Businesses can help Australia’s step-up in the Pacific

Authors: Anthony Bergin and Rebecca Moore

Scott Morrison hardhatAS part of the Australian government’s Pacific push, Prime Minister Scott Morrison has announced an Australian infrastructure financing facility to support essential infrastructure development in the region.

The move echoes earlier calls from the Labor Party; shadow foreign minister Penny Wong first raised the issue in July and Labor leader Bill Shorten committed a future Labor government to establishing a government-backed infrastructure investment bank in the Pacific in October.

But our commendable bipartisan Pacific step-up has so far neglected the key role that Australia’s business sector can play in developing relations with our Pacific neighbours. It’s the missing link in our Pacific policy.

If we’re to achieve the foreign policy white paper’s ambition to ‘integrate Pacific countries into the Australian and New Zealand economies and our security institutions’, businesses need to be incorporated into our foreign policy approach with our near abroad. The private sector is estimated to generate 90 per cent of jobs in the developing world, fund 60 per cent of all investments and provide more than 80 per cent of government revenues.

In a new ASPI Strategic Insights report, we examine the current Australian business relationship with the Pacific and its potential for growth.

While a large number of Australian medium-sized companies operate successfully in the Pacific, we’re squandering opportunities to strengthen the role of our business and investment community in our relationships with our Pacific island neighbours.

Within the Australian institutional superannuation market, the pool of private-sector capital able to invest in infrastructure is around $2.5 trillion. But no large Australian superannuation institution is looking to the Pacific for infrastructure opportunities.
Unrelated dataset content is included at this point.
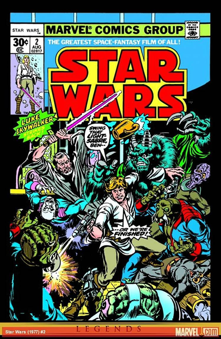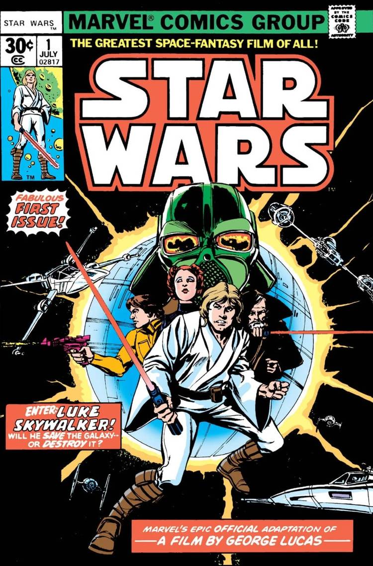 Aunque había mucha resistencia a la idea, Thomas pudo asegurar los derechos para Star Wars para Marvel antes del lanzamiento de la película en 1977 “.No sé cómo Roy lo hizo“, Escribe Shooter, “Pero, Roy hizo el trato y publicamos Star Wars.” Star Wars #1 llegó a los Racks de cómics el 12 de abril de 1977, un mes y medio completo antes del lanzamiento del 25 de mayo de la película. Viniendo del equipo creativo de Thomas y Howard Chaykin, los primeros seis números adaptaron la película antes de continuar con las nuevas aventuras.

The paper looks at the barriers preventing increased private-sector engagement and makes recommendations for government and business to help create stronger, lasting business engagement in the Pacific.

Australian aid and defence relationships with the Pacific islands are already well developed. But the business relationship is the wobbliest leg on our Pacific engagement table. Australian banks are slowly withdrawing from the region. Trade with the region equates to only 1.3 per cent of Australia’s total trade (of which Papua New Guinea makes up more than half). Our investment in the region is even smaller.

Some significant barriers and challenges may play a role in preventing Australian businesses from stepping up their engagement in the Pacific. At times, there’s a regional perception that Australia is talking down to island leaders when it comes to the role of business. A lack of equivalent government representation on the Australian side at many formal Pacific conferences and events also creates a perception that Australia flies over the Pacific on its way to other markets.

On the business side, many leaders of Australian firms believe that investing in the Pacific islands is risky, as companies may be exposed to currency, credit and sovereign risks simultaneously.

Many barriers can be attributed to a lack of experience and knowledge of the Pacific among Australian businesses, combined with a lack of information-sharing between the public and private sectors about the business environment and opportunities in the region.

There’s lots of potential to forge stronger commercial relationships in a range of different sectors. Australian businesses can capitalise on the great demand for renewable energy in the Pacific, driven by the existential risk of climate change and the islands’ excessive reliance on fossil fuels.

Agriculture is the biggest employer in the region and a large source of untapped potential for Australian commercial engagement. Alongside government, Australian businesses can become more involved in disaster response. The recent commitment from Australia, Japan, New Zealand and the US to help provide power to 70 per cent of PNG by 2030 will require massive private-sector support.

The government should consider the following recommendations:

  • Australia should share specific state and local government expertise by increasing sister-state relationships. Queensland, for example, has experience in mining, cyclone response and agriculture.
  • Relationships between high-level economic officials in the Australian and Pacific island governments should be strengthened to create a more business-friendly environment in the region.
  • DFAT, with its Pacific counterparts, should create a robust flow of information by organising regular tours for Australian investors of the main infrastructure projects in the Pacific.
  • Select private-sector executives should be endorsed by the government as ‘trade advisers’ to provide advice to government officials and represent the private sector at Pacific ministerial conferences.
  • Austrade’s Pacific operations should be reviewed. Currently, it has no representative in the area between Port Moresby and Auckland.
  • The Australian government should create an insurance institution specifically designed to alleviate risk for Australian businesses that want to engage in the Pacific. It would insure against sovereign and liquidity risks rather than normal business risks.

We also set out a number of recommendations for the Australian business community. These include engaging more with our aid program, leveraging soft power through business groups like Rotary International, and establishing a new economic dialogue with Pacific business organisations and the Australian government in order to engage Pacific economic ministers and CEOs.

We’re not suggesting we adopt an ‘Australia Inc.’ approach to the region. But now is the time to build a more deliberate and far-reaching partnership between government and business to further Australia’s interests in the Pacific.

Anthony Bergin is a senior analyst at ASPI and a senior research fellow at the Australian National University’s National Security College. Rebecca Moore is a research intern at ASPI. They are co-authors of Partners: Australia’s private sector engagement in the Pacific, released by ASPI today.